- [Your task]: Extract the opening line of the entries and every line after it, stopping at and including the line that contains "ДМИТРИЙ КОПТИН Председатель". Do not include pictures.
-- Input data follows --
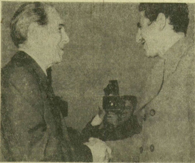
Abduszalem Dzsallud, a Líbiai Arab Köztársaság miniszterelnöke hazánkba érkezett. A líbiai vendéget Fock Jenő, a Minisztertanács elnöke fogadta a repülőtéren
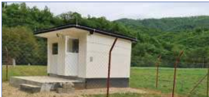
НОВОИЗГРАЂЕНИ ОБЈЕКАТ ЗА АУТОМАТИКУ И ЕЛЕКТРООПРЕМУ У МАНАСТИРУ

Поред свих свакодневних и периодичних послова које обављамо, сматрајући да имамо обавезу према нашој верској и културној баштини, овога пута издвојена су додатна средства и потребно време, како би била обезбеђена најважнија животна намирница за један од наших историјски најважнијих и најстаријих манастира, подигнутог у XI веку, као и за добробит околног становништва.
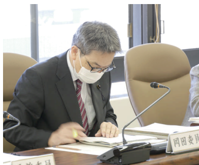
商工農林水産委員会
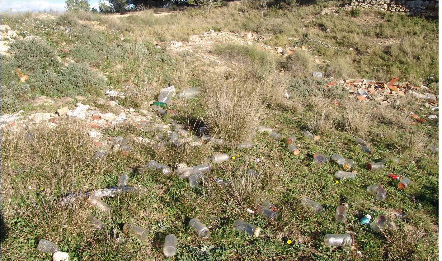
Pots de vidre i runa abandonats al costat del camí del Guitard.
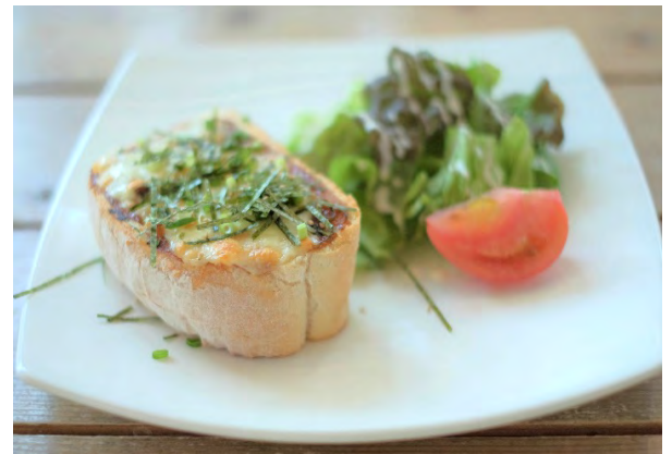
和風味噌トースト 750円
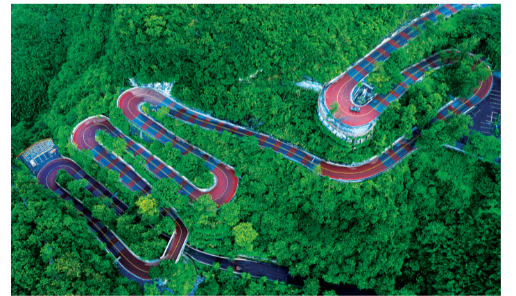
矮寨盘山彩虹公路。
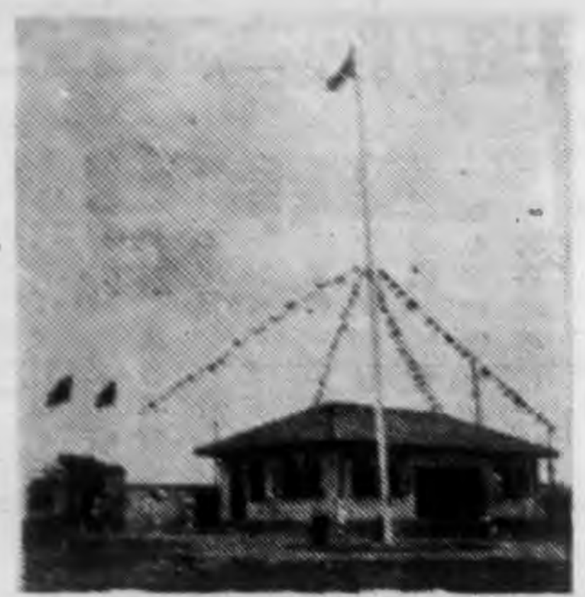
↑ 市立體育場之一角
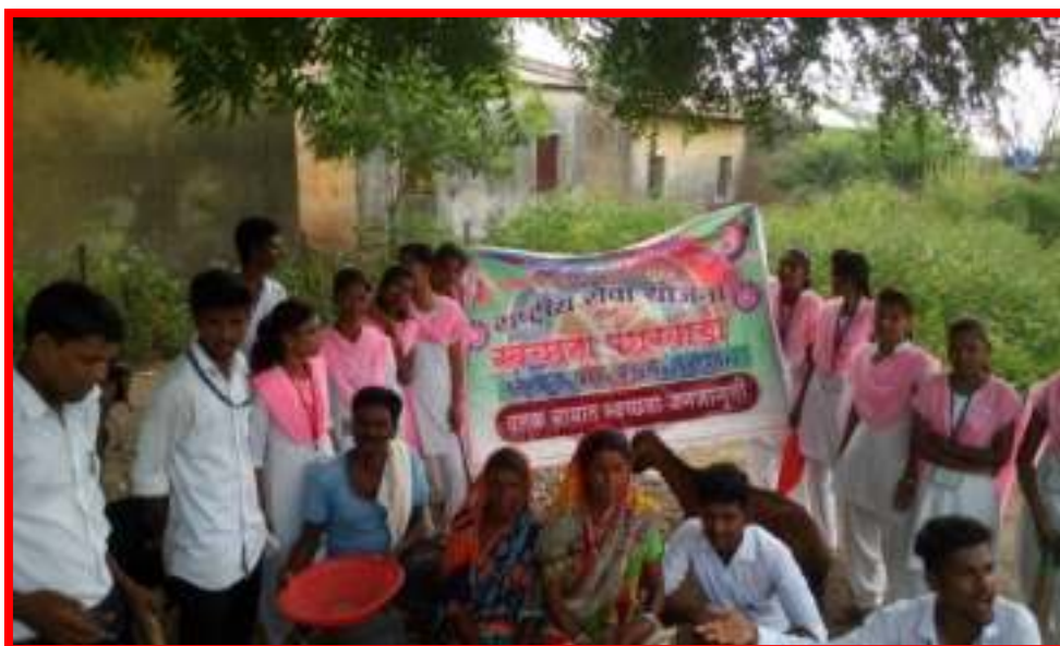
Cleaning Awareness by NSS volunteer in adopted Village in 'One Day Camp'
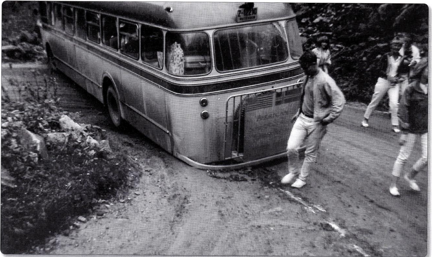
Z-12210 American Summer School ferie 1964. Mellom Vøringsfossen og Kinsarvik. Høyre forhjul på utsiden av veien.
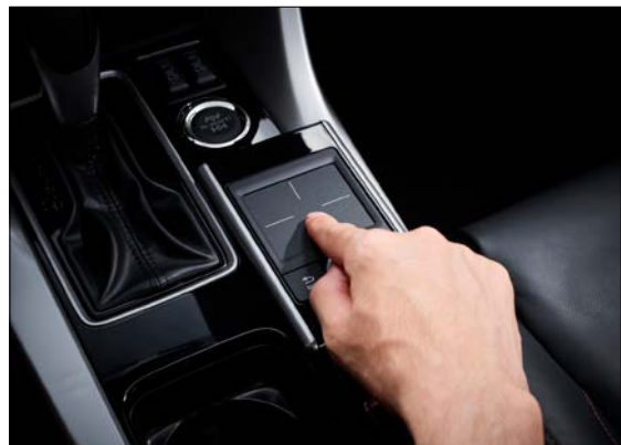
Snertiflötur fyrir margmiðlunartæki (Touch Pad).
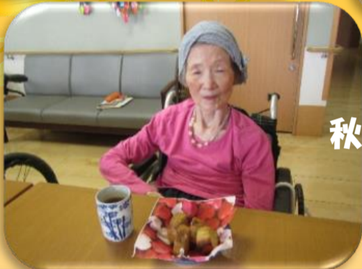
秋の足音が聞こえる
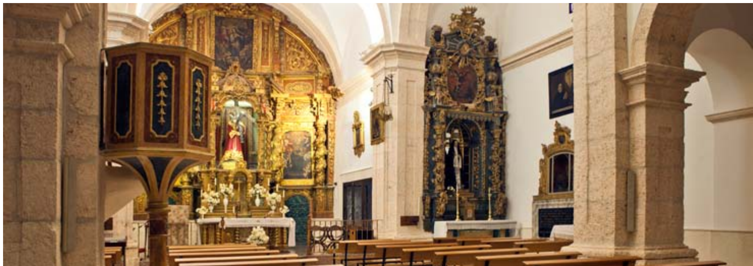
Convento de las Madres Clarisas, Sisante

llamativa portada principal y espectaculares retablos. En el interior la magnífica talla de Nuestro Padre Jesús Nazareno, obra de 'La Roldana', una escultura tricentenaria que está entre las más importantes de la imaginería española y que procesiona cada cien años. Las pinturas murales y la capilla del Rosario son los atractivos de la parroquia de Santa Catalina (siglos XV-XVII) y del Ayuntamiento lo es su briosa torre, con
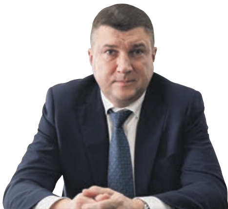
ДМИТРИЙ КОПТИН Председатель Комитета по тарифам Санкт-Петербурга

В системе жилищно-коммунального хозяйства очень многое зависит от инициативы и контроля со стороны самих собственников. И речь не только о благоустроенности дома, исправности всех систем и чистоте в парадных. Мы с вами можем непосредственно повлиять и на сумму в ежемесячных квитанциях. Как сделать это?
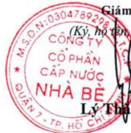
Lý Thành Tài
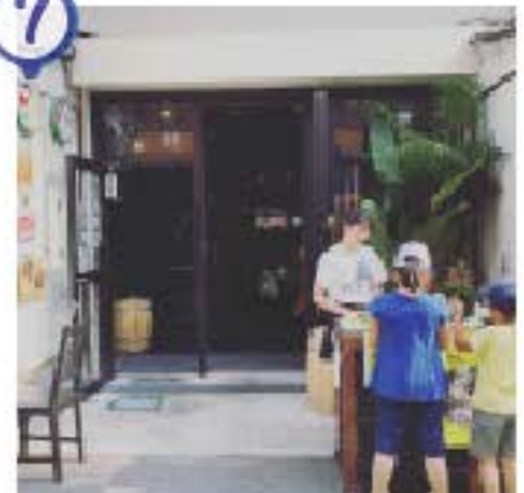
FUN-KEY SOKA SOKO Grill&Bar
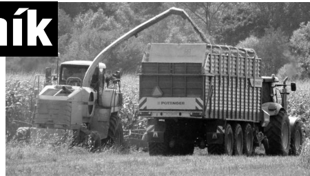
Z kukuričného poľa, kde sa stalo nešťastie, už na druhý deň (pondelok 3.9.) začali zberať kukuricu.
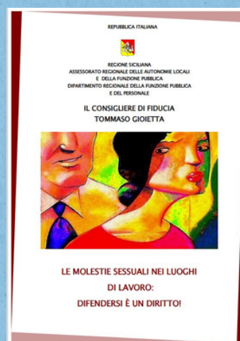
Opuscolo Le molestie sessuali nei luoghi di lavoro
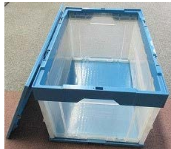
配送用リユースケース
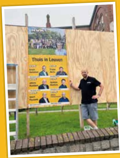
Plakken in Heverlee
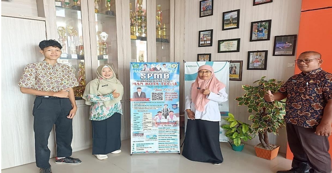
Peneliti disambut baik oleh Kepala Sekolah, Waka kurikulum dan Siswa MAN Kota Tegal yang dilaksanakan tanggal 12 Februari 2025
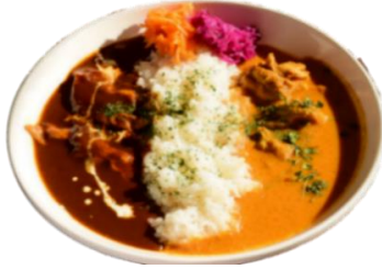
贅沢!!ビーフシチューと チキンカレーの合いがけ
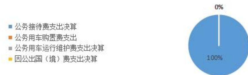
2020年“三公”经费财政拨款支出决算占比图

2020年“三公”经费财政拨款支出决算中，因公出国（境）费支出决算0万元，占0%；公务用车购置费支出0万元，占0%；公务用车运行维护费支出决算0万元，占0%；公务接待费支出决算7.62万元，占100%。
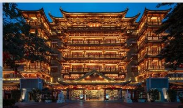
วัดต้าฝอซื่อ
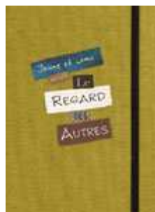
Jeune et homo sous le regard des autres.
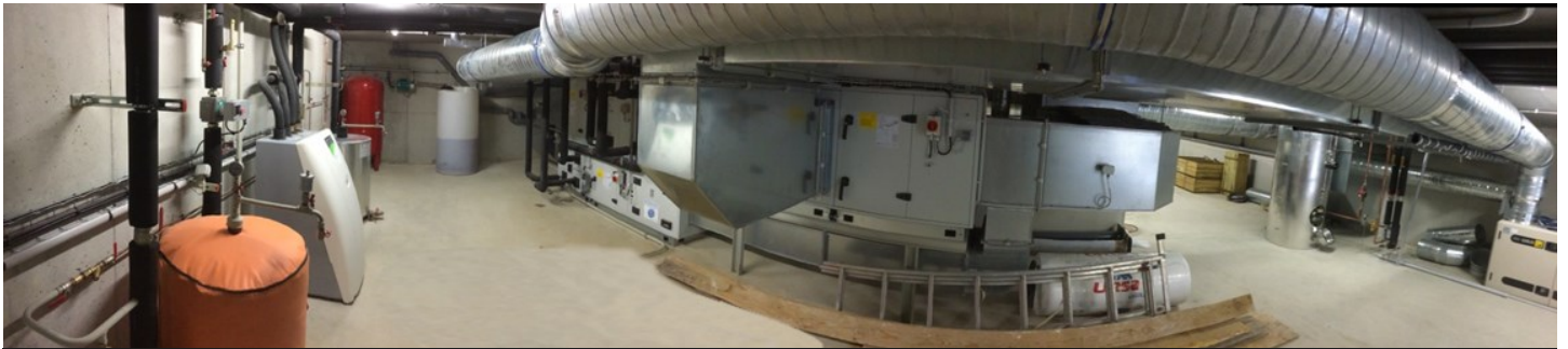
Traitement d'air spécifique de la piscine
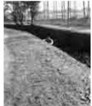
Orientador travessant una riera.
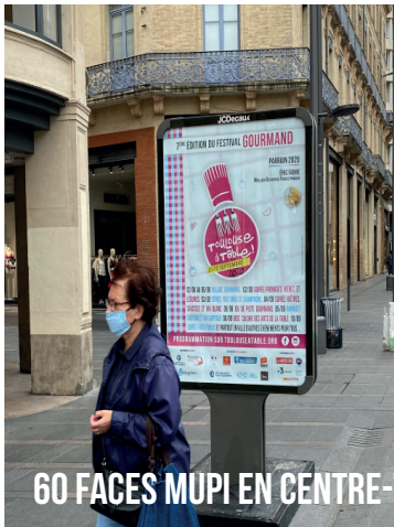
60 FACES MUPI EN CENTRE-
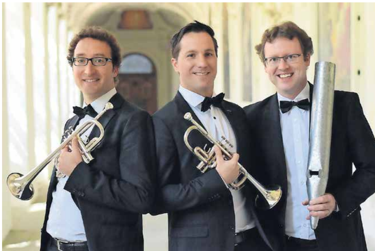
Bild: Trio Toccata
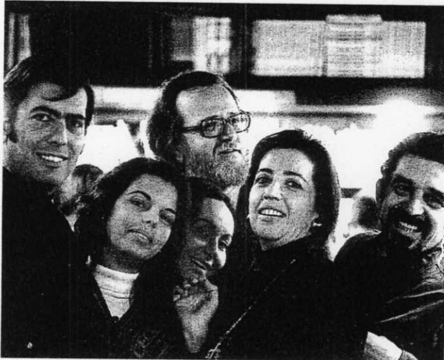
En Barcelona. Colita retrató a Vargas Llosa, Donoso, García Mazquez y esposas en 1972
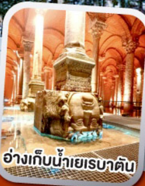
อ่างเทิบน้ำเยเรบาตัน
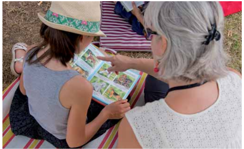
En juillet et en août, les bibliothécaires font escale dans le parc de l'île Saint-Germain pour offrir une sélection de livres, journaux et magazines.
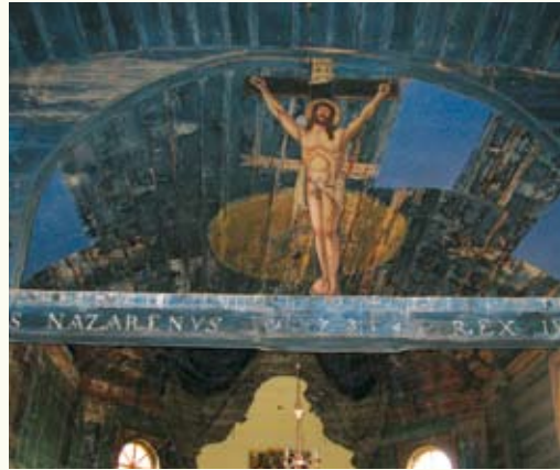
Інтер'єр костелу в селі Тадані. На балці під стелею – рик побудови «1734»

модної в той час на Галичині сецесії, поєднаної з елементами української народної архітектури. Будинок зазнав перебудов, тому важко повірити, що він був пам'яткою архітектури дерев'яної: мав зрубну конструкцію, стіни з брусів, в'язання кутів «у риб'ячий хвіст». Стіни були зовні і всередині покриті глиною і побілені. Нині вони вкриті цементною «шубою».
-- Input data concluded --
- [Answer to the problem]:
Abduszalem Dzsallud, a Líbiai Arab Köztársaság miniszterelnöke hazánkba érkezett. A líbiai vendéget Fock Jenő, a Minisztertanács elnöke fogadta a repülőtéren
НОВОИЗГРАЂЕНИ ОБЈЕКАТ ЗА АУТОМАТИКУ И ЕЛЕКТРООПРЕМУ У МАНАСТИРУ

Поред свих свакодневних и периодичних послова које обављамо, сматрајући да имамо обавезу према нашој верској и културној баштини, овога пута издвојена су додатна средства и потребно време, како би била обезбеђена најважнија животна намирница за један од наших историјски најважнијих и најстаријих манастира, подигнутог у XI веку, као и за добробит околног становништва.
商工農林水産委員会
Pots de vidre i runa abandonats al costat del camí del Guitard.
和風味噌トースト 750円
矮寨盘山彩虹公路。
↑ 市立體育場之一角
Cleaning Awareness by NSS volunteer in adopted Village in 'One Day Camp'
Z-12210 American Summer School ferie 1964. Mellom Vøringsfossen og Kinsarvik. Høyre forhjul på utsiden av veien.
Snertiflötur fyrir margmiðlunartæki (Touch Pad).
秋の足音が聞こえる
Convento de las Madres Clarisas, Sisante

llamativa portada principal y espectaculares retablos. En el interior la magnífica talla de Nuestro Padre Jesús Nazareno, obra de 'La Roldana', una escultura tricentenaria que está entre las más importantes de la imaginería española y que procesiona cada cien años. Las pinturas murales y la capilla del Rosario son los atractivos de la parroquia de Santa Catalina (siglos XV-XVII) y del Ayuntamiento lo es su briosa torre, con
ДМИТРИЙ КОПТИН Председатель Комитета по тарифам Санкт-Петербурга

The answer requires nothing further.